# [GIVEN DATA]
══════════
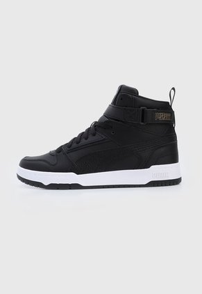 Bota Lifestyle Negro-Blanco-Dorado Puma RBD Game La bota casual RBD Game tiene su inspiración en el baloncesto. Este calzado color negro que diseña Puma cuenta con una elaboración de material de cuero suave ultra resistente, y un cierre de gancho y bucle en la parte superior. Tiene un sistema de amarre de pasadores y lengüeta para mayor comodidad. La parte superior de este calzado está hecha con al menos un 20% de materiales reciclados. La suela de goma aporta una gran comodidad y cuidado a tu pie. Ya sea en la cancha o saliendo con amigos, estas botas definitivamente se convertirán en tus favoritas. Especificaciones:• Tecnología: SoftFoam+: Cómoda plantilla de PUMA para una comodidad instantánea y duradera que proporciona una amortiguación suave a cada paso.Cluster: Casual: Versátiles, transmiten simplicidad, naturalidad y comodidad, se utilizan en contextos que no exigen el respeto de un código de vestimenta.Origen: Producto Importado Cuidado y Lavado: Lave a mano, use jabón suave, no retuerza, no deje en remojo, seque a la sombra.
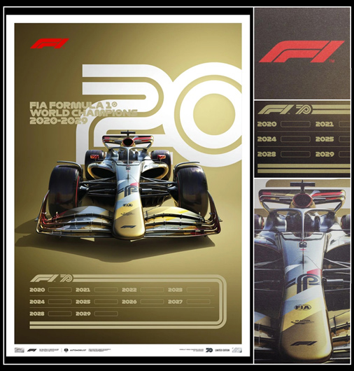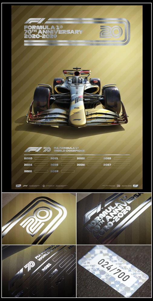 Poster "The future lies ahead" F1 - 70th anniversary 2020 / 2029 Luxury Edition - 50 x 70 cm - Impression sur papier 175g/m² Edition limitée - 700 exemplaires 119,95 € TTC / Incl. Taxes
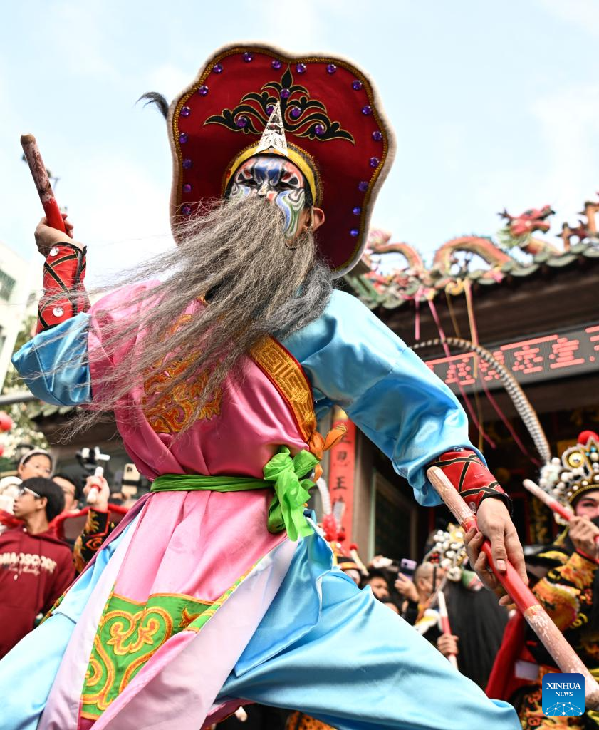 A member of a Yingge dance troupe performs on a street in Chaoyang District of Shantou City, south China's Guangdong Province, Jan. 23, 2025. The traditional Chinese Xiaonian festival is observed in south China on Thursday. In Shantou City, local Yingge dance troupes performed on the streets to mark the festival and greet the upcoming Chinese New Year.
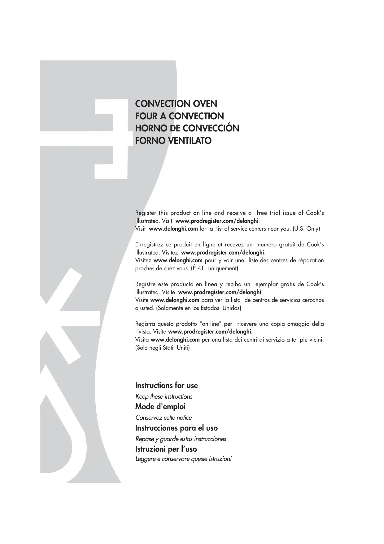 Enregistrez ce produit en ligne et recevez un numéro gratuit de Cook's Illustrated. Visitez www.prodregister.com/delonghi.
══════════
The lines from the one that contains "TTC / Incl. Taxes" through the end of the data, repeated exactly and with no pictures, make up the whole answer.

 Poster "The future lies ahead" F1 - 70th anniversary 2020 / 2029 Luxury Edition - 50 x 70 cm - Impression sur papier 175g/m² Edition limitée - 700 exemplaires 119,95 € TTC / Incl. Taxes
 A member of a Yingge dance troupe performs on a street in Chaoyang District of Shantou City, south China's Guangdong Province, Jan. 23, 2025. The traditional Chinese Xiaonian festival is observed in south China on Thursday. In Shantou City, local Yingge dance troupes performed on the streets to mark the festival and greet the upcoming Chinese New Year.
 Enregistrez ce produit en ligne et recevez un numéro gratuit de Cook's Illustrated. Visitez www.prodregister.com/delonghi.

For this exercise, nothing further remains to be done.